Well, to an extent you've actually answered your own question, haven't you? But there's also the issue that the Tories seem (at least from what I've read over the past near-decade; so I'll have likely missed important things that people actually in Canada will have noticed) to have (seriously) attempted to appeal to Jewish voters before other 'immigrant' minority groups, a process that includes carefully (or not so carefully in the case of the religious schools thing) developing specific policies aimed at boosting support and so on.
Of course just as interesting (at least to me) is the fact that the Liberals have let them do that; and then allowed them to do with with the other affluent 'immigrant' minorities as well. Complacency and inertia are tempting conclusions (especially as they double up as explanations for the slow-motion collapse of the federal Liberals generally), but I've no idea how true that actually is.

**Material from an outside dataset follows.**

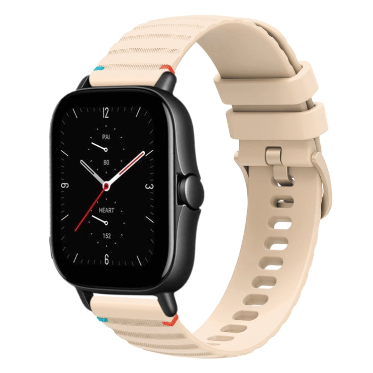 Correa de Silicona 20mm para Reloj Amazfit GTS 2E con Puntadas Onduladas y Puntos (Crema)
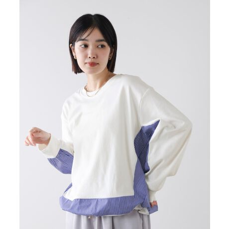 異素材を組み合わせたデザインが、大人のカジュアルに程よい抜け感を添える一枚。ゆったりとした着心地で体のラインを拾いにくく、日常にもお出かけにも自然になじみます。身頃はすっきり見えするシルエットに仕上げ、袖と裾にはストライプ生地をドッキング。動くたびにさりげないアクセントを生みます。裾にはドローコードをオンして気分によって調整OK。シンプルなのに印象に残る、着るだけでこなれた雰囲気が完成するカットソーです。

And, of course, the same sort of thing has happened with the rural minorities that also used to be a Liberal bedrock. Why so little resistance to Tory charms? I mean, the way that they've folded to the NDP in certain areas is less surprising (it isn't as though they've had much positive to offer to left wing and/or working class voters of late so
once a certain point was reached the NDP were always pushing at an open door), but their apparent capitulation to the Tories amongst their old minority (urban/immigrant and rural/etc) fortresses is almost bizarre.
Was that as common in Toronto as Montreal?